We were lonely together until the sun came up. At times he played the piano, at times not. At times we spoke, telling stories, and other times we were silent. We ate if we got hungry, drank if we thirsted. But otherwise, we stayed with each other. I told myself that it was nothing more than to ease the loneliness. Nothing more than filling a hole and calling it love. At times, I cried, for I saw how life could be. How exquisite we could make it. More lay beyond the boundaries I had drawn for myself, more than I could have ever imagined. At times like these, he wrapped his arms around me and rocked me gently. At times, the rocking was rough, but it was rocking all the same.

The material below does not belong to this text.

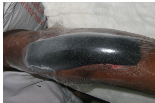
FIGURE 2: Sterile drape was applied covering the foam and 2-3 cm of the surrounding skin.

But by the morning light, when I was awakened by sirens and not roosters, I knew I had to go back. Back to Azoma. Back to Agnes. I just needed to escape for a little while. And I told myself that Angelo would never be anything more than an escape, no matter how much I wanted otherwise. When I went to New York, maybe all I needed was a change. I woke up realizing that sometimes, change is good; things don’t always have to stay the same old way, much as our little town wanted them to. But maybe change itself was like magic—neither good nor bad. Just was. Just inevitable. Might as well flow down the river with it. Even so, there was one thing that I still could not accept, and that was my sister’s fate.
This time, he walked me to the train station.